## Record set
== == ==

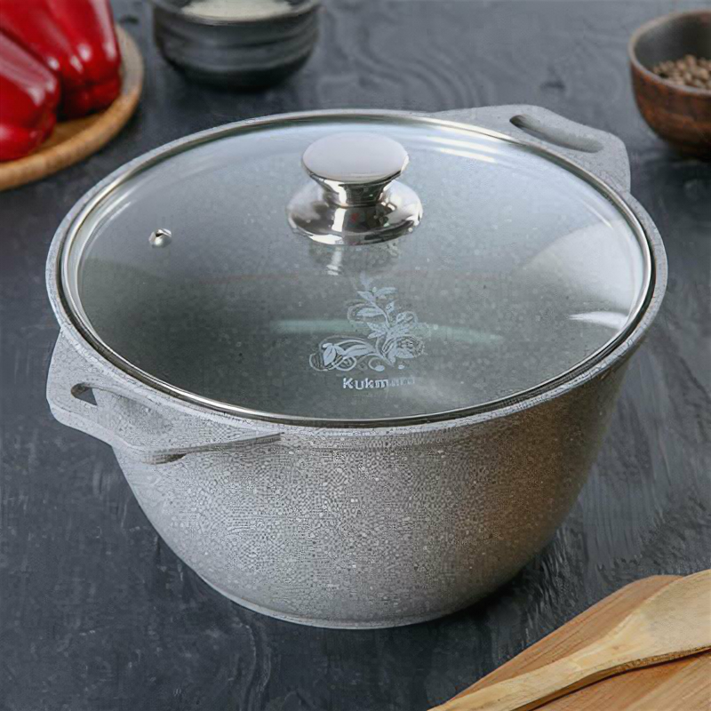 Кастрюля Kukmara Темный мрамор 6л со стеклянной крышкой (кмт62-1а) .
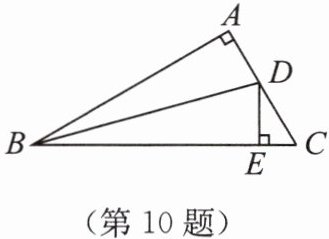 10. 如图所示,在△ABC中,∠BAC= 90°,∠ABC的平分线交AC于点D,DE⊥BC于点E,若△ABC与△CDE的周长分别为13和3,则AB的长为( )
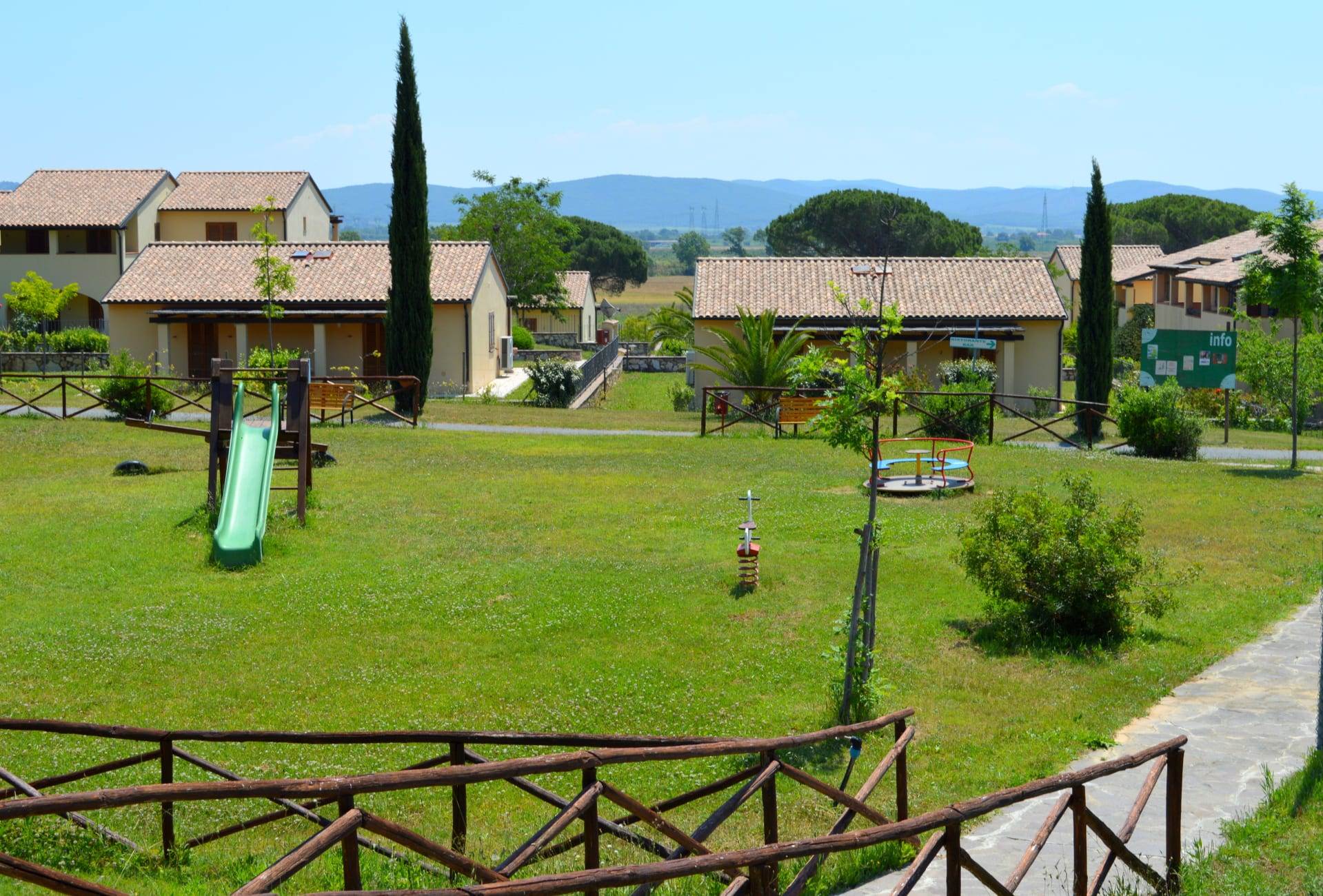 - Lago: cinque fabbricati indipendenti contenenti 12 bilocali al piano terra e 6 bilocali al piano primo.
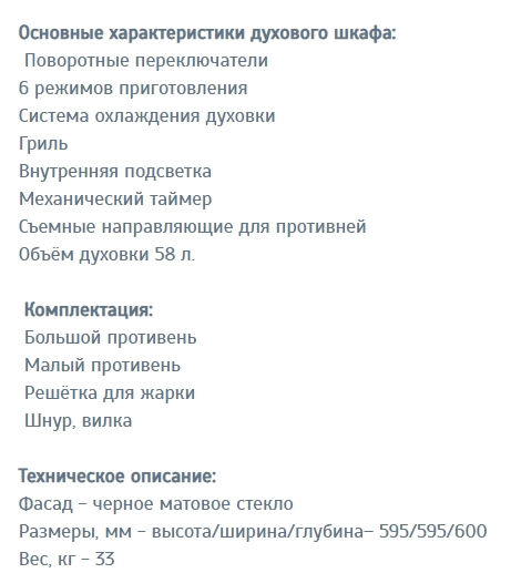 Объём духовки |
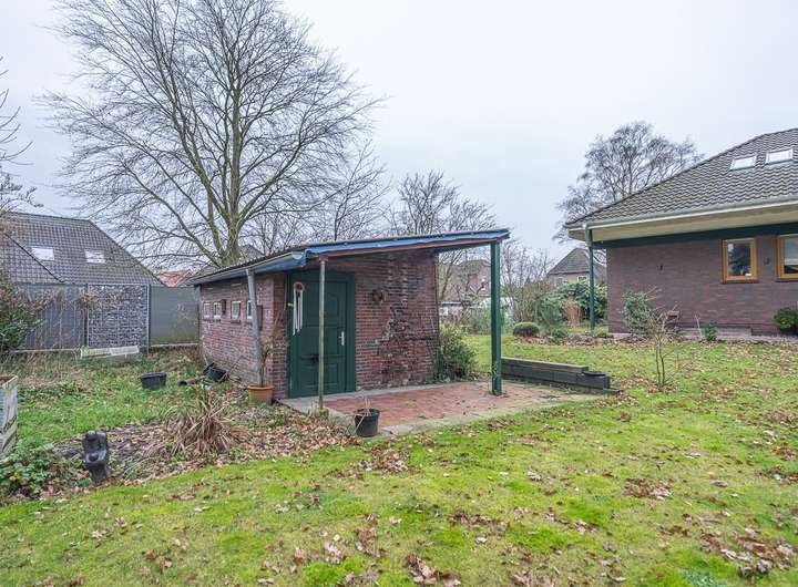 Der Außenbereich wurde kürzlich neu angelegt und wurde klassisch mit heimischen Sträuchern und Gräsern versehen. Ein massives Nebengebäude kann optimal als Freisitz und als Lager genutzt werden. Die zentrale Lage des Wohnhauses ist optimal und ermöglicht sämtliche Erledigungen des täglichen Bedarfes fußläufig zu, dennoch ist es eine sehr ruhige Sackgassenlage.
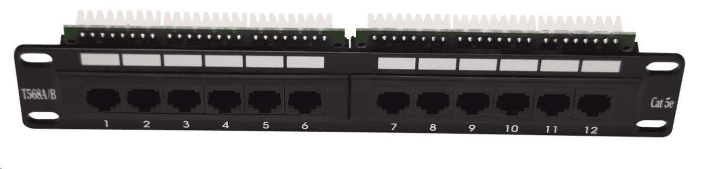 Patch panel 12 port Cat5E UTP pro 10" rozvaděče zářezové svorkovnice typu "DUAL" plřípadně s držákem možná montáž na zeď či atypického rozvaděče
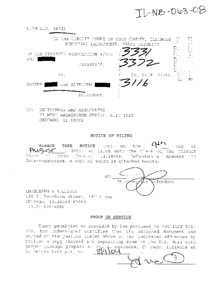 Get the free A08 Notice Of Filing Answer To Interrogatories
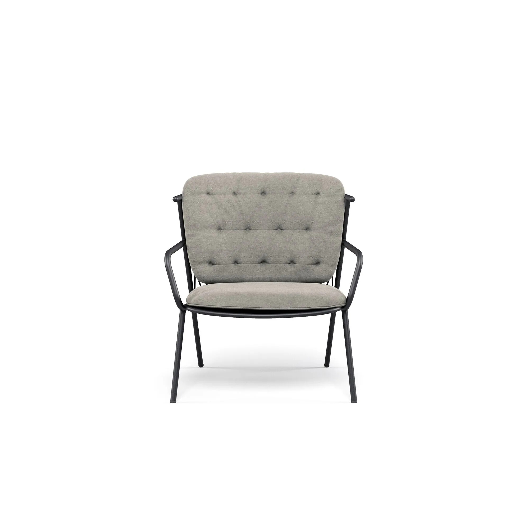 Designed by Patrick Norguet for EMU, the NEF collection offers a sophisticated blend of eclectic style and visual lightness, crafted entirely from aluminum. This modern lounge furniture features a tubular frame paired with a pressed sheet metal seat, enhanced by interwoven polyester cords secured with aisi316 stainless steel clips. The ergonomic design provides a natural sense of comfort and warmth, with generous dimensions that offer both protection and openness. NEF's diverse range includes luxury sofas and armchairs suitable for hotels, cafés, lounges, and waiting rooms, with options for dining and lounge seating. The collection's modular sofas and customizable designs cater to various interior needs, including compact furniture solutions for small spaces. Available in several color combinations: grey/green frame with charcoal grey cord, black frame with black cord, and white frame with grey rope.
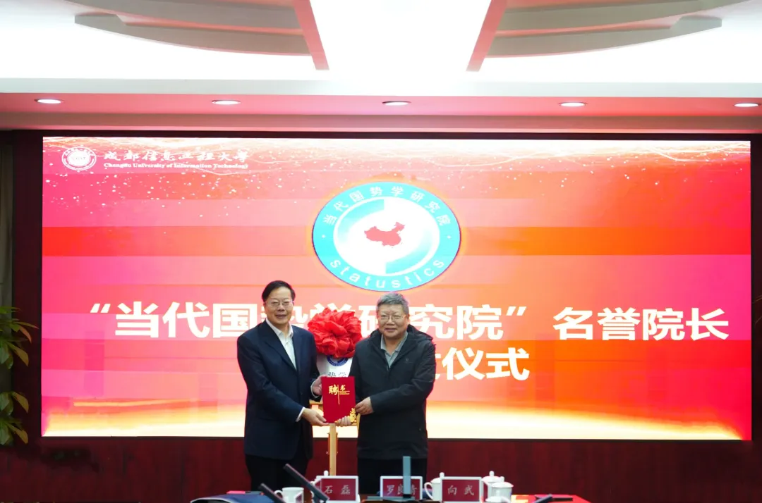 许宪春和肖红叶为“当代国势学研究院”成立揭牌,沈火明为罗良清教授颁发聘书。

== == ==

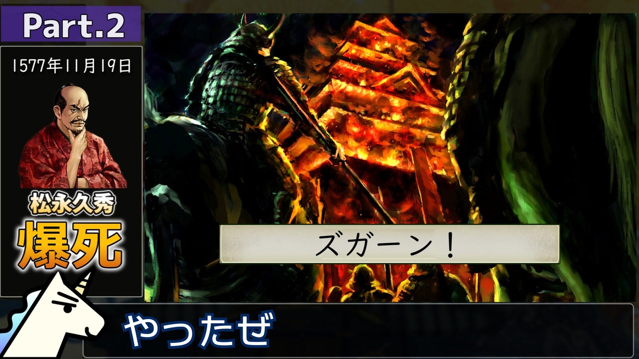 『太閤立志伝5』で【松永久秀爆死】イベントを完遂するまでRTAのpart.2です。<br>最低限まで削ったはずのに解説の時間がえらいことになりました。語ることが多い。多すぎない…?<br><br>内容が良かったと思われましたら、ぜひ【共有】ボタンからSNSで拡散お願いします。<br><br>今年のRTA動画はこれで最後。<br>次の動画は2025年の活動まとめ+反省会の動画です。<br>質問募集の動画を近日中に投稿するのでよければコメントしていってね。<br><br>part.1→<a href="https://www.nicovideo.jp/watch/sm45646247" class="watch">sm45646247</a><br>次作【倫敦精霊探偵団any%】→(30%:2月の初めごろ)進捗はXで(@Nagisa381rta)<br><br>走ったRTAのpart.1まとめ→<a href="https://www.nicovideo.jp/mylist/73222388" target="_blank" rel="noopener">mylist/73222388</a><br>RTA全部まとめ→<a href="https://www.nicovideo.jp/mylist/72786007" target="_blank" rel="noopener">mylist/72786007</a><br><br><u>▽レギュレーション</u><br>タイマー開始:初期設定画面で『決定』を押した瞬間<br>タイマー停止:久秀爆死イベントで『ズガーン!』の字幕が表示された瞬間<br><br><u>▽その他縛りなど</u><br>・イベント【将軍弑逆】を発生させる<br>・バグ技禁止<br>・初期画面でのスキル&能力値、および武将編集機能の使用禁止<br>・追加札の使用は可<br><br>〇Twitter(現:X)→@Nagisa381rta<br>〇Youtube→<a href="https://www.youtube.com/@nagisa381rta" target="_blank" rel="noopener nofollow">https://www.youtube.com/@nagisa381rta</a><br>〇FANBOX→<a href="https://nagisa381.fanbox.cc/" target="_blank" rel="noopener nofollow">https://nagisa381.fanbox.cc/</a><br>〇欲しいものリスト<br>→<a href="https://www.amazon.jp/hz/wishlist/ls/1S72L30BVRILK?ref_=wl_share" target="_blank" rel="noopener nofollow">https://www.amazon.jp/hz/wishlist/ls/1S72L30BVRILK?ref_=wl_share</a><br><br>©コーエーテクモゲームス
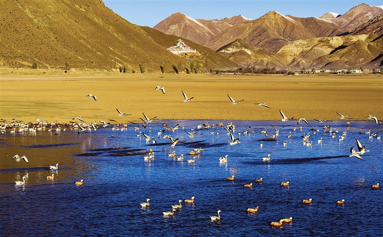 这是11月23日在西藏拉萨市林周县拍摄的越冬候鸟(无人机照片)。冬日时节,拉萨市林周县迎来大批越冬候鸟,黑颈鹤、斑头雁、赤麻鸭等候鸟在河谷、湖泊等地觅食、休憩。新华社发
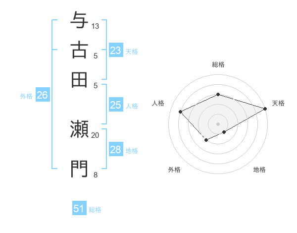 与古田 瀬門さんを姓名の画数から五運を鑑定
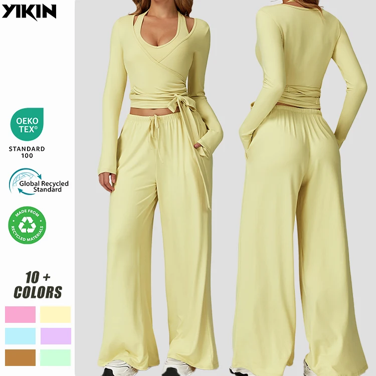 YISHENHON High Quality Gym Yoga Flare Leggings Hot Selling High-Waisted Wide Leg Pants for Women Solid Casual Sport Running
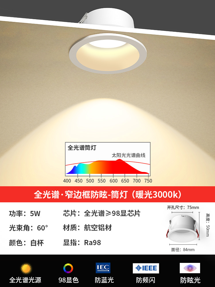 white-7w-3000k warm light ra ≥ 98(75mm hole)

== == ==

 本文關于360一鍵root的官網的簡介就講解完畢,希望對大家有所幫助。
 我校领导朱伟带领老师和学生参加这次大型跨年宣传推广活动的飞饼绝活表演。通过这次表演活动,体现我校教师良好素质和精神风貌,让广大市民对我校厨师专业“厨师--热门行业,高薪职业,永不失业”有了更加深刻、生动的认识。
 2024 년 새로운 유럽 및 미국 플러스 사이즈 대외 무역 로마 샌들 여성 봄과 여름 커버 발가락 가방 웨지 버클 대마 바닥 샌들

== == ==

## Task instructions
When you reach the line with "- Lago: cinque" in the records above, begin repeating the lines exactly, and stop after the line with "Объём духовки |". Skip all pictures.

## Solution to this task
 - Lago: cinque fabbricati indipendenti contenenti 12 bilocali al piano terra e 6 bilocali al piano primo.
 Объём духовки |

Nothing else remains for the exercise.